### Record extracts
*** Block opens ***

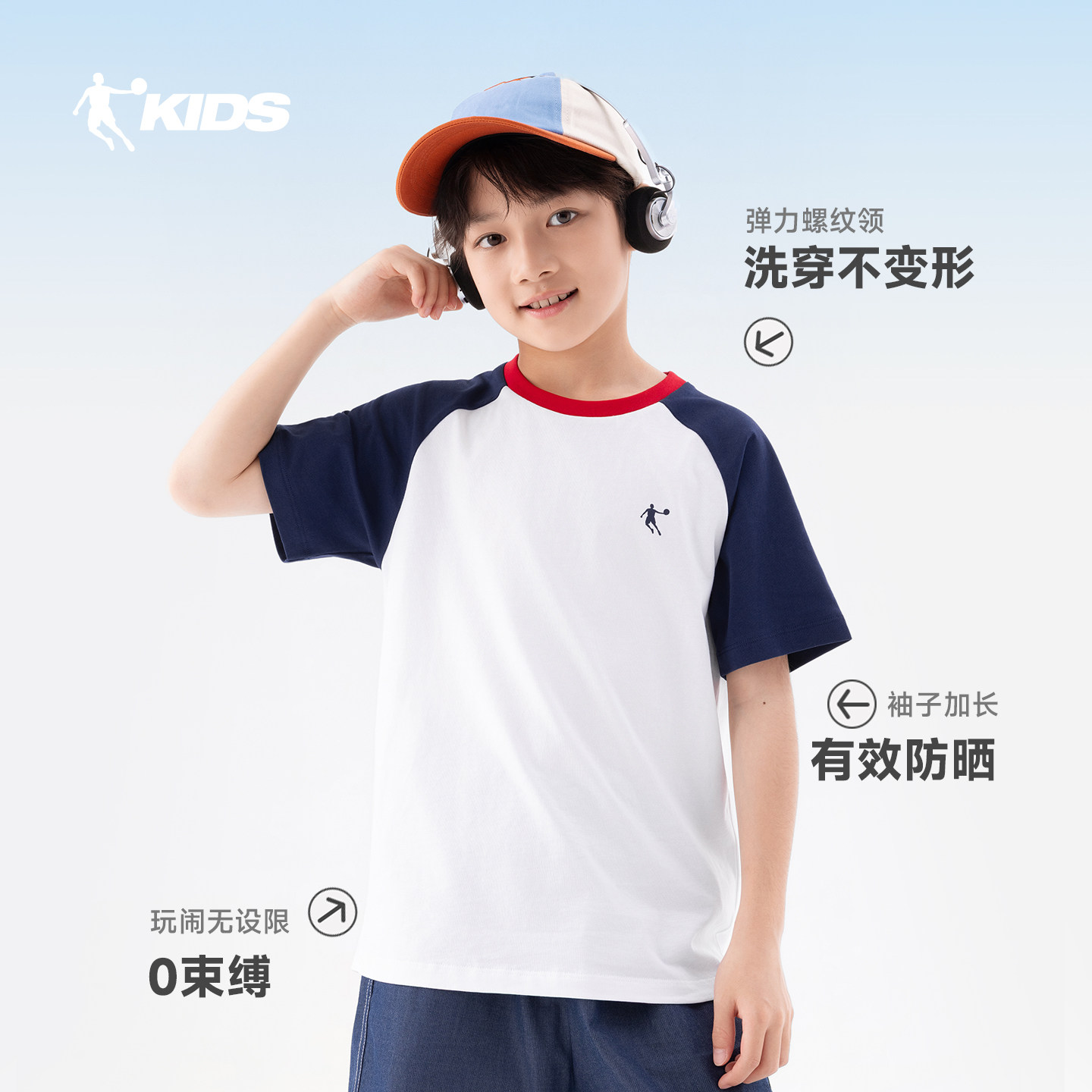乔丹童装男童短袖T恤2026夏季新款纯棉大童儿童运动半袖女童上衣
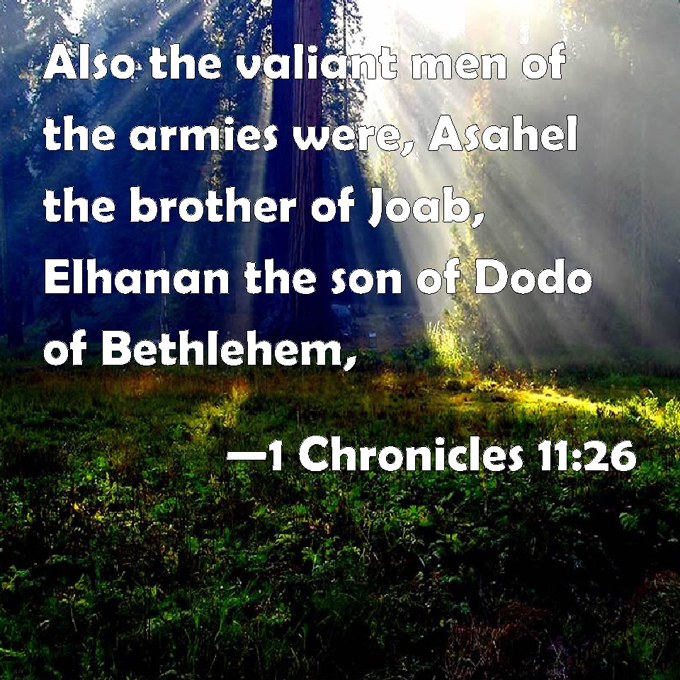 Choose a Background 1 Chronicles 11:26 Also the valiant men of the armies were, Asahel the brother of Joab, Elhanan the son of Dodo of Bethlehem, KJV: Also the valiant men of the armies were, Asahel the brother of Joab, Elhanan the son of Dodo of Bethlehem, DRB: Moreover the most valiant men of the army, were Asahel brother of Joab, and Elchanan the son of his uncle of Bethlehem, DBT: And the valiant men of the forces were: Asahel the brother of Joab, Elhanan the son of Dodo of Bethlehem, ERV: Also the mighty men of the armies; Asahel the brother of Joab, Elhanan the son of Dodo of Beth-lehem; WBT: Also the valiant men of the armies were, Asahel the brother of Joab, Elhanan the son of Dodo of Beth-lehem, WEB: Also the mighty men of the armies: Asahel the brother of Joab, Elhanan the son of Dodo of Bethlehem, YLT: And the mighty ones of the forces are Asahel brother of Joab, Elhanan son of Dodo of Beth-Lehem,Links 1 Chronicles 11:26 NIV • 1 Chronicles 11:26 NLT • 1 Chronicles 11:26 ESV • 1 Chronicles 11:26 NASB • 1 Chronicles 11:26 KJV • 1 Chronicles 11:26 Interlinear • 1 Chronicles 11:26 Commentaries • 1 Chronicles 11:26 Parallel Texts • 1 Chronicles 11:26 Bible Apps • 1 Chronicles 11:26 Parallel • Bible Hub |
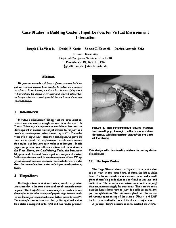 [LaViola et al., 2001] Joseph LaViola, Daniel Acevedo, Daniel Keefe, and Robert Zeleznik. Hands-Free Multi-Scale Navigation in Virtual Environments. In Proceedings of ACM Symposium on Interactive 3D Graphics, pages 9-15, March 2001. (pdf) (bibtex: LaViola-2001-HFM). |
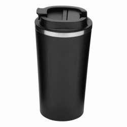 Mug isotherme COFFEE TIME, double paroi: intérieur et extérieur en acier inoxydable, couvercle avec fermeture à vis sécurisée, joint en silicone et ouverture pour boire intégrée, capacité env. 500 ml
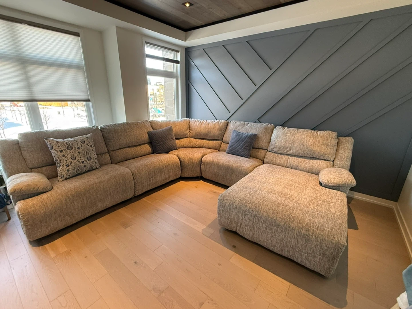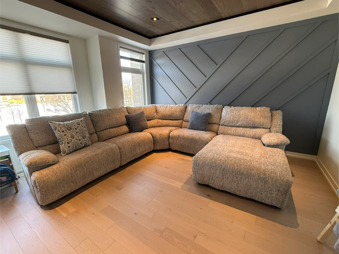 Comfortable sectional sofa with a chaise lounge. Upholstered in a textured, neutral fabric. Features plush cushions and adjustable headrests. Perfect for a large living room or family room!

*** Block closes ***

### Aim of the task
Write out the listing above exactly as it stands, pictures excluded.

### Answer space
乔丹童装男童短袖T恤2026夏季新款纯棉大童儿童运动半袖女童上衣
 Choose a Background 1 Chronicles 11:26 Also the valiant men of the armies were, Asahel the brother of Joab, Elhanan the son of Dodo of Bethlehem, KJV: Also the valiant men of the armies were, Asahel the brother of Joab, Elhanan the son of Dodo of Bethlehem, DRB: Moreover the most valiant men of the army, were Asahel brother of Joab, and Elchanan the son of his uncle of Bethlehem, DBT: And the valiant men of the forces were: Asahel the brother of Joab, Elhanan the son of Dodo of Bethlehem, ERV: Also the mighty men of the armies; Asahel the brother of Joab, Elhanan the son of Dodo of Beth-lehem; WBT: Also the valiant men of the armies were, Asahel the brother of Joab, Elhanan the son of Dodo of Beth-lehem, WEB: Also the mighty men of the armies: Asahel the brother of Joab, Elhanan the son of Dodo of Bethlehem, YLT: And the mighty ones of the forces are Asahel brother of Joab, Elhanan son of Dodo of Beth-Lehem,Links 1 Chronicles 11:26 NIV • 1 Chronicles 11:26 NLT • 1 Chronicles 11:26 ESV • 1 Chronicles 11:26 NASB • 1 Chronicles 11:26 KJV • 1 Chronicles 11:26 Interlinear • 1 Chronicles 11:26 Commentaries • 1 Chronicles 11:26 Parallel Texts • 1 Chronicles 11:26 Bible Apps • 1 Chronicles 11:26 Parallel • Bible Hub |
 [LaViola et al., 2001] Joseph LaViola, Daniel Acevedo, Daniel Keefe, and Robert Zeleznik. Hands-Free Multi-Scale Navigation in Virtual Environments. In Proceedings of ACM Symposium on Interactive 3D Graphics, pages 9-15, March 2001. (pdf) (bibtex: LaViola-2001-HFM). |
 Mug isotherme COFFEE TIME, double paroi: intérieur et extérieur en acier inoxydable, couvercle avec fermeture à vis sécurisée, joint en silicone et ouverture pour boire intégrée, capacité env. 500 ml
 Comfortable sectional sofa with a chaise lounge. Upholstered in a textured, neutral fabric. Features plush cushions and adjustable headrests. Perfect for a large living room or family room!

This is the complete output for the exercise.